“We live in virtual relationships,” Kaycee explained during a group discussion of The Intellectual Life[1]. Russ added, “We serve Facebook, rather than allowing Facebook to serve us.” “We only have so much time,” Katie rightly ascertained, “Only so much emotion to give. Can we continue far-flung relationships with those whom we no longer live?”
Sertillanges, author of The Intellectual Life, remarked on organizing one’s life
Avoid, even with these, the excessive familiarity which drags one down and away from one’s purpose; do not run after news that occupies the mind to no purpose; do not busy yourself with the sayings and doings of the world, that is with such as have no moral or intellectual bearing; avoid useless comings and goings which waste hours and fill the mind with wandering thoughts. (The Intellectual Life, 47).
The conversation continued in rapid fashion. Post-bachelor degree discussion parsed word choices and exegeted others’ comments, making sure of what they heard. But I was struck by my compatriots’ acknowledgement, the unstated need, for relationship in proximity. How much do we have need for longevity in a place to build physical, visible relations with others? How necessary is the day-in-day-out connection with folks who know us best, in all our moods, situations, interactions?

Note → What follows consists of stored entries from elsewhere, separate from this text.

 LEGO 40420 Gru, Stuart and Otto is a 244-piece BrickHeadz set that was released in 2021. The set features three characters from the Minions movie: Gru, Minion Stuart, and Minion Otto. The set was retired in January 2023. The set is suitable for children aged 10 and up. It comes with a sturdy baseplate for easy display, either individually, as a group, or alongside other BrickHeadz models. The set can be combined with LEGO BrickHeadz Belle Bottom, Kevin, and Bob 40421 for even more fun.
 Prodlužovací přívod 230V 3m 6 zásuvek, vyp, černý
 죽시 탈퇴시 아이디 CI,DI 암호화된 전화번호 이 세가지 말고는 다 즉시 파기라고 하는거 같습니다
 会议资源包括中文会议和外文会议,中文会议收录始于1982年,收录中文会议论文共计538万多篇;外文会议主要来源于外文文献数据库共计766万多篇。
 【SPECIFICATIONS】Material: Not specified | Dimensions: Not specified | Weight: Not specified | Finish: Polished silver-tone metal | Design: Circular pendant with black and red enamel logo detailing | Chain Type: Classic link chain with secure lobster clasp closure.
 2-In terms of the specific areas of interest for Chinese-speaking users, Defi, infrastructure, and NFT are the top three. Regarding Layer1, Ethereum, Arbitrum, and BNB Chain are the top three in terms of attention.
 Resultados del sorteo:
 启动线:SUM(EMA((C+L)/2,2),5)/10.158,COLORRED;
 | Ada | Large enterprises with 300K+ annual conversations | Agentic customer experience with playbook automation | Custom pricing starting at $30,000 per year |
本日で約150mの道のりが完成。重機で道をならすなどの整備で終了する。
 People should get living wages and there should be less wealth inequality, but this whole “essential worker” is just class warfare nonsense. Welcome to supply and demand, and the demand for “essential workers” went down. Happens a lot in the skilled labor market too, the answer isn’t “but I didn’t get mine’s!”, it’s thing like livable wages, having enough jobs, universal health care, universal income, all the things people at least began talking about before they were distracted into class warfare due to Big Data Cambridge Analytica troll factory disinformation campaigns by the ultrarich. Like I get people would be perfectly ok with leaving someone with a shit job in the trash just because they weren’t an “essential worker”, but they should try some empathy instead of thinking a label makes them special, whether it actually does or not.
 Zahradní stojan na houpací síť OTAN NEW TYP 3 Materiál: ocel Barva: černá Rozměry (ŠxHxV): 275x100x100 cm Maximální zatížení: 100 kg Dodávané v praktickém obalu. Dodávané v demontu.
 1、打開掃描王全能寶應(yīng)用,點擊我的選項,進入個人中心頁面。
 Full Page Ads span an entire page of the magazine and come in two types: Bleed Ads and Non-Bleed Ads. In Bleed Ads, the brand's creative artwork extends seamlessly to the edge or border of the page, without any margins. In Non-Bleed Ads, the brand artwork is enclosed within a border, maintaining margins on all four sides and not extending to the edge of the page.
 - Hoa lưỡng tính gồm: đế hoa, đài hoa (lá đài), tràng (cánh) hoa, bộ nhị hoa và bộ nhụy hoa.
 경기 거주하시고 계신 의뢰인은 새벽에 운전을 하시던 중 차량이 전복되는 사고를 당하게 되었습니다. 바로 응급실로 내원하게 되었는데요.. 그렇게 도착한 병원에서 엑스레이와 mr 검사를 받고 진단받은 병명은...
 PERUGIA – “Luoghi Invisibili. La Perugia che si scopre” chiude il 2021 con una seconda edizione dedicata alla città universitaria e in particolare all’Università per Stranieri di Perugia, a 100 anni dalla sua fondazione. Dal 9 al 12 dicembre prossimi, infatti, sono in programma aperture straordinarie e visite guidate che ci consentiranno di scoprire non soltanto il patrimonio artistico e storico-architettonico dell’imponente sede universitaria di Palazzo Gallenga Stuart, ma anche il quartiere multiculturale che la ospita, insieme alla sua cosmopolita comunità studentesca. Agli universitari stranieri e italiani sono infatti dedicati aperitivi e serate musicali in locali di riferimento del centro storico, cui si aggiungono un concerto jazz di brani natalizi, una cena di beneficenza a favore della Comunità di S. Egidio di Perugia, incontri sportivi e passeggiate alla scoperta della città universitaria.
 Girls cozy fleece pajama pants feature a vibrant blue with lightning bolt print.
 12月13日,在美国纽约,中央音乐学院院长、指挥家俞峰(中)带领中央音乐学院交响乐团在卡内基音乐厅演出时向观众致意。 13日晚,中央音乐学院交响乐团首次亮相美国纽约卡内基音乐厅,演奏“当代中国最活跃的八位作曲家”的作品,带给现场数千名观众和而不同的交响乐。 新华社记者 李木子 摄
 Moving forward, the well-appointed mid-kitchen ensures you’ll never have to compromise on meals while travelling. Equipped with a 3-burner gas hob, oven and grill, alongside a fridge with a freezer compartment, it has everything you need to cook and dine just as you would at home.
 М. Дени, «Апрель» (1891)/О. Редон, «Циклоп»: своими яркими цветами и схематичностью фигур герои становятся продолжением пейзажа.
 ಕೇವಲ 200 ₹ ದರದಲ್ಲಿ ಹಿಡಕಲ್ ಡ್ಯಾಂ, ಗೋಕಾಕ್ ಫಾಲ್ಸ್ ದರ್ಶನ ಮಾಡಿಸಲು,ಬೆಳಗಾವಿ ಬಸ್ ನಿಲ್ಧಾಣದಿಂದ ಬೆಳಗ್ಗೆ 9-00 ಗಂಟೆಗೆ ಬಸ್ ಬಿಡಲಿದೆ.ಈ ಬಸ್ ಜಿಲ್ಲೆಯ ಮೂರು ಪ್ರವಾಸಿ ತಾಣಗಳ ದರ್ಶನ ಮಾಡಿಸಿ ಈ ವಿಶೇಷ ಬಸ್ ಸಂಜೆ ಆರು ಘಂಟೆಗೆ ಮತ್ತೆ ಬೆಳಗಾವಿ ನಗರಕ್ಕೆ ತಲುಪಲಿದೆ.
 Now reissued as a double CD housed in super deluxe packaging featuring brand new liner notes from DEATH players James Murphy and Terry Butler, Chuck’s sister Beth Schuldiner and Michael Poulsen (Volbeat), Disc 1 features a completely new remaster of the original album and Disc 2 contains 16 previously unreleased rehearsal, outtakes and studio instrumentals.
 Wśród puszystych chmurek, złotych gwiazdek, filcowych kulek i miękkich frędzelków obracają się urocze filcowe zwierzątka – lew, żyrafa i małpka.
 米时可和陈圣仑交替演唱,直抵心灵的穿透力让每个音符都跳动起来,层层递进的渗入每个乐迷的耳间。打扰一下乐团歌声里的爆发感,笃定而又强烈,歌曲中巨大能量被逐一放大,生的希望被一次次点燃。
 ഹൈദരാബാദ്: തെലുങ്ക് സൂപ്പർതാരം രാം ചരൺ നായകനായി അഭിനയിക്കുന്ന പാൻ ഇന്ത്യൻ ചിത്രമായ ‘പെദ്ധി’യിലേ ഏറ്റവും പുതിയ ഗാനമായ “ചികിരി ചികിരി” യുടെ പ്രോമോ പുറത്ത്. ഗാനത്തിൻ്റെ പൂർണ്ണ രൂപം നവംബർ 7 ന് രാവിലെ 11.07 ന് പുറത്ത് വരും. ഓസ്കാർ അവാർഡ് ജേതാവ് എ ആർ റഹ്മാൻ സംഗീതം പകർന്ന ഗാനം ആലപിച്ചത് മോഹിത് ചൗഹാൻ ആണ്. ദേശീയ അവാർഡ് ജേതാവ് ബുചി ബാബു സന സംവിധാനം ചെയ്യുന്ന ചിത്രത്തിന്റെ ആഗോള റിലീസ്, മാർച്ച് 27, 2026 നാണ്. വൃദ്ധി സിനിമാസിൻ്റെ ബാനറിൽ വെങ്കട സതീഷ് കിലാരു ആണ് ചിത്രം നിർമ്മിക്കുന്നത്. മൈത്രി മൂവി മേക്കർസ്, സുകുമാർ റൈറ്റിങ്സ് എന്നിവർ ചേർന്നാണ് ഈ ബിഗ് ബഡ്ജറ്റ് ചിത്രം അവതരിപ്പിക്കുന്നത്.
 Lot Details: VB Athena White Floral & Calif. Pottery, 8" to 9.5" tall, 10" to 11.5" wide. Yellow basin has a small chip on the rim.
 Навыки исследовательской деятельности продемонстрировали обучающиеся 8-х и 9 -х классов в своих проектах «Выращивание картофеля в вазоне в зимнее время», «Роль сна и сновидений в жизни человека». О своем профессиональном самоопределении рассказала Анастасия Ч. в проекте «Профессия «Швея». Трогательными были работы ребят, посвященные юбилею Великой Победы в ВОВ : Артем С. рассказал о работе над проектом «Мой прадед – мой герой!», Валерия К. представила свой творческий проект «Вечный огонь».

The intentional choice to live a long time in one place cements “the first association of the intellectual . . . with his fellows” (Sertillanges, 54). We think alone but we must think together. Mobile Americans, however, are not establishing roots in communities. As the Indianapolis Star reported,
While promotions or new, better-paying jobs typically mean new wealth, the increasingly rootless habits of Americans has come at a price, leading to declining participation in neighborhood organizations and local politics and frayed connections to the community at large. “The overall impetus in society is towards mobility, of searching for prosperity,” said Scott Russell Sanders, author of the book Staying Put: Making a Home in a Restless World. “(But) we are so enamored of mobility that we don’t recognize what is being lost in the process.”[2]
What is necessary is a place. Michael Pollan in his book A Place of My Own[3] declares that ground is “sacred” (51) that each of us looks for a “privileged place” (41) which is “invested with meaning” (39).
“Sacred places” began with “the heavens and the earth” (Genesis 1:1). Yahweh gave land to Israel (Genesis 12:1-3), “a land flowing with milk and honey” (Numbers 13:27), where boundary stones would secure “a place of my own” for Israelites (Deuteronomy 19:14; 27:1). In an early response to care of creation Heaven’s injunction included, “Are the trees of the field people that you should besiege them?” (Deuteronomy 20:19). One of Judah’s great kings Uzziah was said to have “loved the soil” (2 Chronicles 26:10). When God’s original intention is restored, ”every man will sit under his own fig tree” (Micah 4:4) culminating in “the New Heavens and Earth” (Revelation 21:1).
The groups’ concern about enjoying relationships in a place targets the world they know—virtual and “technological.” The necessity of “rootedness” continues to be necessary for us all, to have our place. From Genesis to Revelation, it seems God intention is not for mobility but for the consistent universal cry for a place to call our own.
Mark Eckel still maintains long distance relationships over Facebook but continues to see his friends in real time and space in Indianapolis or wherever his friends reside.
[1] A. G. Sertillanges, The Intellectual Life: Its Spirit, Conditions, Methods. Translated from the French by Mary Ryan. Forward by James V. Schall. Reprint, Catholic University of America Press, 1998.
[2] “Career-driven moves fray families’ sense of place,” Indianapolis Star 30 Oct 05.
[3] Michael Pollan, A Place of My Own: The Education of an Amateur Builder. Random House, 1997.